*** Begin section ***
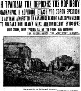 Σεισμός. Σχεδόν όλα τα κτίρια της Κορίνθου καταστράφηκαν. Το τελικό χτύπημα ήρθε στις 22:00 το βράδυ, όταν έγινε ο μεγάλος σεισμός των 6,3 Ρίχτερ. Οι δονήσεις που συνεχίστηκαν και για τις επόμενες δύο μέρες, δεν άφησαν τίποτα όρθιο.
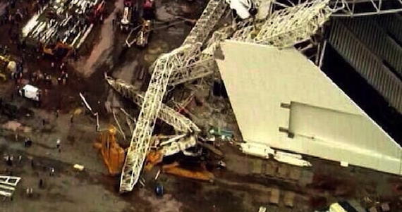Una grúa golpeó una parte del techo del estadio, lo que provocó que su derrumbara y afectó a las gradas situadas debajo. Los bomberos detallaron a Efe que la parte de la cobertura que se desmoronó tenía una longitud de unos 15 metros.
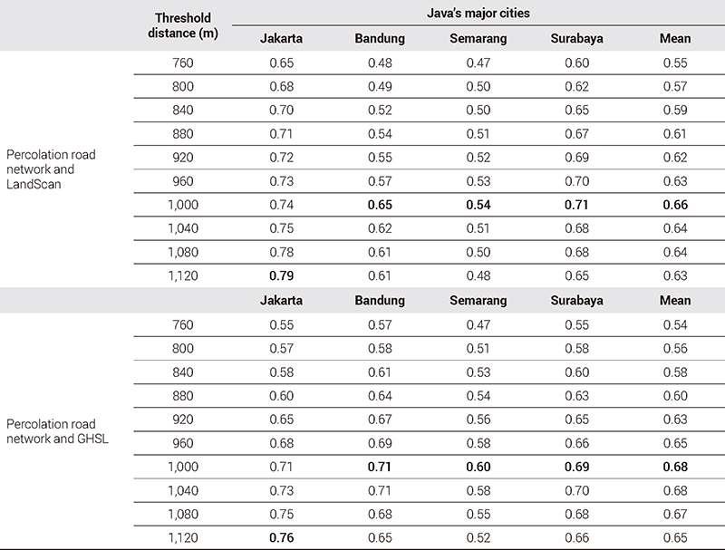 Inspired by Ou et al. (2023), we adapted their methodology for Java, adjusting the distance threshold to account for differences in road network density. To evaluate model accuracy, we compared percolation clusters with population density and built-up area data for the largest clusters using the Jaccard index. Testing various thresholds, we found that the highest similarity occurred at 1,000 meters (see <Table 4>). The mean Jaccard index for four major urban clusters in Java reached 0.66 when comparing LandScan data with percolation road networks, and 0.68 when comparing percolation networks with GHSL data. These results suggest that the spatial distribution of urban areas derived from percolation aligns well with other data sources. This comparison result shows how road connectivity and accessibility relate to geographic and socio-economic factors. <Table 4> presents the overlap results between percolated road networks, LandScan population data, and GHSL data at different thresholds.
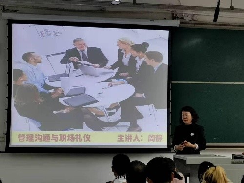 The vibe of the whole lecture was very good and Zhou’s explanation was gripping. While listening carefully, the students took notes to record the key knowledge points. Mrs. Zhou stepped down from the platform for many times to interact with the students during the lecture so that the students could capture the importance of effective communication closer. Mrs. Zhou’s humor made the classroom full of laughter in the 90 minutes and students also received a lot of knowledge about workplace communication while laughing.
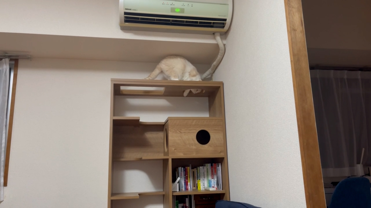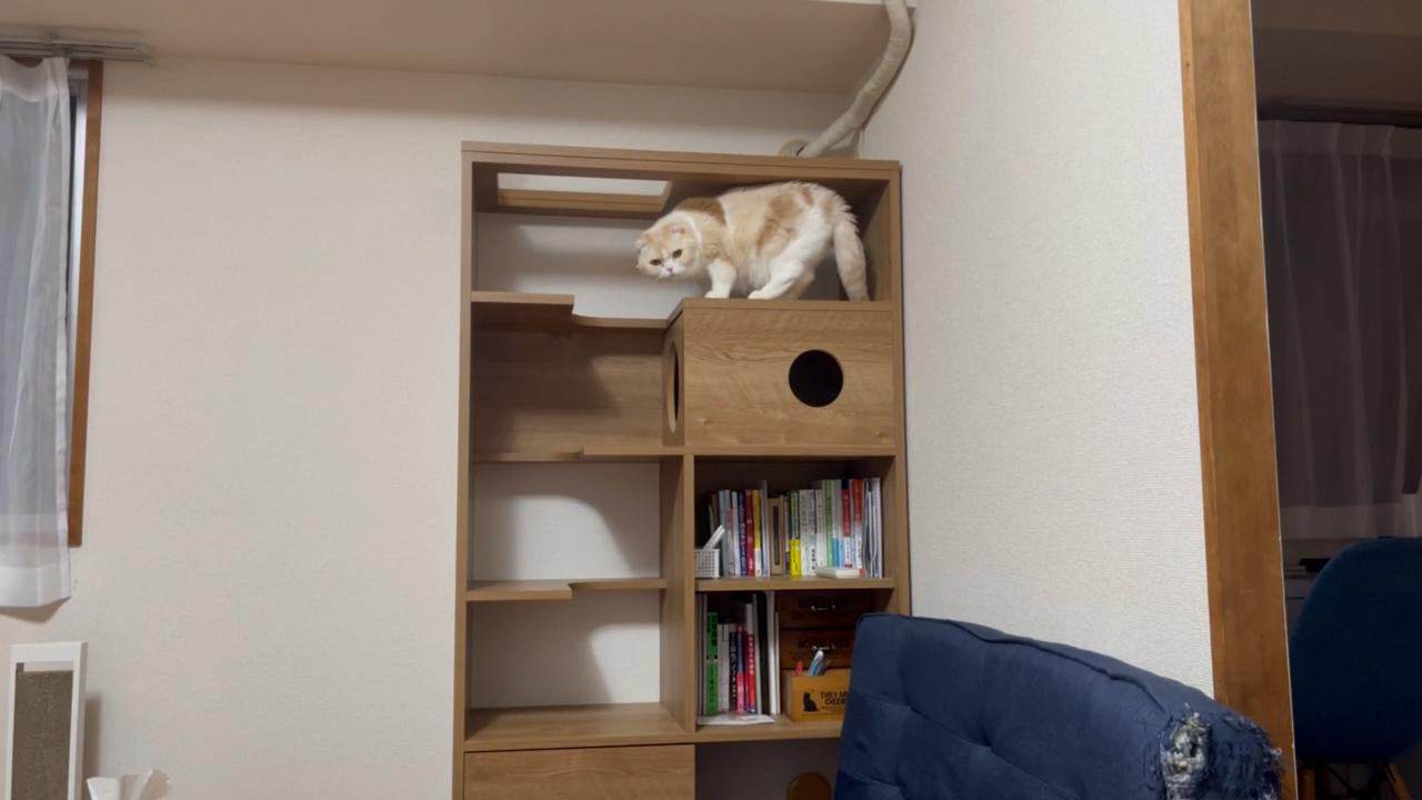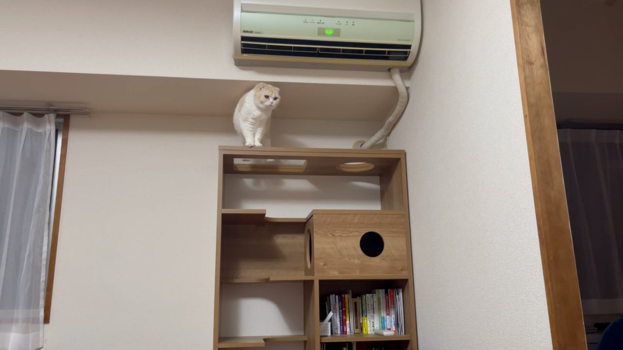 キャットタワーシェルフのてっぺんにナッツのすがたがあります。
*** End section ***
* _WHAT THE TASK ASKS_: Set down exactly and only the lines from the start of the entries above through the line containing "Inspired by Ou", both ends included, omitting the pictures.

* _COMPLETED EXERCISE_:
 Σεισμός. Σχεδόν όλα τα κτίρια της Κορίνθου καταστράφηκαν. Το τελικό χτύπημα ήρθε στις 22:00 το βράδυ, όταν έγινε ο μεγάλος σεισμός των 6,3 Ρίχτερ. Οι δονήσεις που συνεχίστηκαν και για τις επόμενες δύο μέρες, δεν άφησαν τίποτα όρθιο.
Una grúa golpeó una parte del techo del estadio, lo que provocó que su derrumbara y afectó a las gradas situadas debajo. Los bomberos detallaron a Efe que la parte de la cobertura que se desmoronó tenía una longitud de unos 15 metros.
 Inspired by Ou et al. (2023), we adapted their methodology for Java, adjusting the distance threshold to account for differences in road network density. To evaluate model accuracy, we compared percolation clusters with population density and built-up area data for the largest clusters using the Jaccard index. Testing various thresholds, we found that the highest similarity occurred at 1,000 meters (see <Table 4>). The mean Jaccard index for four major urban clusters in Java reached 0.66 when comparing LandScan data with percolation road networks, and 0.68 when comparing percolation networks with GHSL data. These results suggest that the spatial distribution of urban areas derived from percolation aligns well with other data sources. This comparison result shows how road connectivity and accessibility relate to geographic and socio-economic factors. <Table 4> presents the overlap results between percolated road networks, LandScan population data, and GHSL data at different thresholds.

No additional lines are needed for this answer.